Stocks

ASML vs. TSMC: Choosing the Best AI Stock for 2025

Published January 12, 2025

The surge in interest surrounding artificial intelligence (AI) stocks has drawn many investors into the market. With the promising potential for substantial returns, the increasing values of some AI-related companies can make it difficult for investors to assess their return prospects.

In the midst of this focus, it is easy for investors to overlook two companies that are crucial for producing the hardware essential to AI: ASML and Taiwan Semiconductor (TSMC). Each company has a distinct yet critical role in the chip manufacturing ecosystem, and while they rely on each other to some extent, one stands out as likely to provide greater returns.

The State of Two Businesses

Of the two, ASML has a marked advantage due to its foundational technology. It has essentially held a monopoly on extreme ultraviolet (EUV) lithography, which is vital for producing some of the world's most advanced chips.

Recently, researchers in Japan announced advancements that could simplify EUV lithography, potentially allowing companies like Nikon and Canon to enter ASML's territory with their expertise in deep ultraviolet (DUV) lithography. However, until significant alternatives are readily available, ASML is expected to retain its dominant position.

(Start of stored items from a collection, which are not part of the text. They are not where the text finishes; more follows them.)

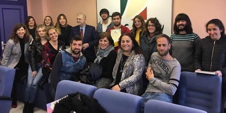 El pasado martes, 12 de marzo, tuvo lugar la ceremonia de entrega de reconocimientos a los premiados en este XI Certamen Decroly Digital en el Salón de Actos del centro. El evento, presidido por el director, Fco. Javier Muñiz, contó con la participación de Carmen Frechoso, técnico docente de la Unidad Técnica de Innovación y Centros Educativos de la Consejería de Educación, Cultura y Deporte del Gobierno de Cantabria. La “maestra de la ceremonia” fue la estudiante de primer curso de grado superior Asistencia a la Dirección (ADIR) Mónica Bóveda. Asistió, asimismo, una representación del profesorado y la mayor parte de los sesenta y cinco alumnos que presentaron sus obras al concurso en esta edición.
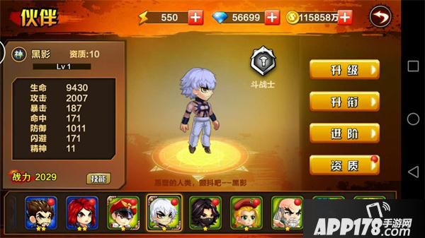 小伙伴分为神将、攻击型、坦克型、辅助型4类;
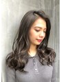 胸レングスのセミロングスタイル!透明感のあるダークアッシュで大人な雰囲気にカラーリング☆32mmのコテでランダムに動きをつけてフェミニンなスタイルに。
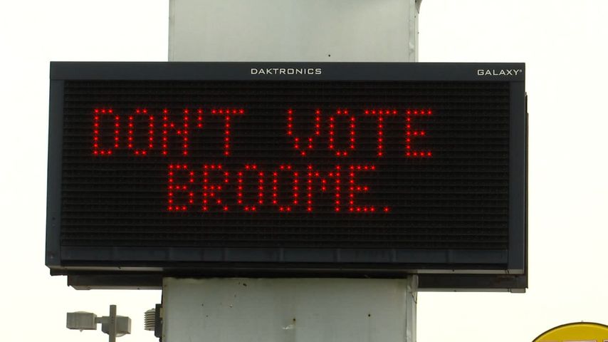 The sign says, "Mayor Broome, I thought you were supposed to be getting rid of the homeless and the trash. I'm not seeing any of that, it has gotten ridiculous. Don't vote Broome!"
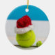 Bal de tennis avec chapeau de Santa pour Noël Ornement en céramique

This dominance means TSMC must rely on ASML for the equipment necessary to manufacture cutting-edge chips. TSMC collaborates with industry giants like Nvidia, AMD, and Qualcomm to develop the chips needed for various applications.

While TSMC does face competition from players such as Samsung and Intel, it has established a significant technical lead in chip production, dominating 62% of the foundry market as reported by TrendForce. This dominance renders TSMC indispensable, even amid geopolitical pressures pushing for a shift of chip production closer to North America and Europe.

Comparing the Financials

Both ASML and TSMC have the potential to outperform the market in the long run, thanks to their positions in the semiconductor market, particularly for AI applications. However, assessing which company is better positioned for future gains largely comes down to their financial performance.

In the first three quarters of 2024, ASML reported revenue of €19 billion (approximately $19.6 billion), marking a yearly decline of 6%. Analysts attribute this drop to weakening demand from China, which has impacted ASML's net income as well, reducing it to €4.9 billion ($5.0 billion) compared to €5.8 billion during the same period last year.

On the other hand, TSMC continues to experience growth, with revenue amounting to $63 billion in the first nine months of the year, a 32% year-over-year increase. TSMC's expenses have remained proportional to its revenue growth, resulting in a comprehensive income of $26 billion, which is a 33% increase year-over-year.

The disparity in financial performance means TSMC significantly outperformed ASML over the past year.

Despite these contrasting returns, ASML sports a higher P/E ratio of 39 compared to TSMC's 33. Investors should take into account the valuation history for both companies. ASML's average P/E ratio over the last five years has been 43, making its current valuation appear relatively cheaper. In contrast, TSMC's average P/E of 24 indicates that its stock could see a decline if market conditions deteriorate.

ASML or TSMC?

Indeed, making a decision based on average valuations between these AI stocks proves challenging, but many analysts believe TSMC is more likely to yield better returns.

The fact that TSMC relies on ASML more than the reverse actually bodes well for ASML. However, TSMC's fluctuating revenue suggests that ASML may be priced lower for a reason.

Investing in TSMC despite its higher-than-average earnings multiple presents risks; however, a 33 P/E ratio is comparatively low for an AI-focused company. Moreover, the ongoing AI boom stands to benefit TSMC with accelerating revenue and earnings growth, making the relative premium on its valuation less daunting for investors and likely leading to superior returns down the line.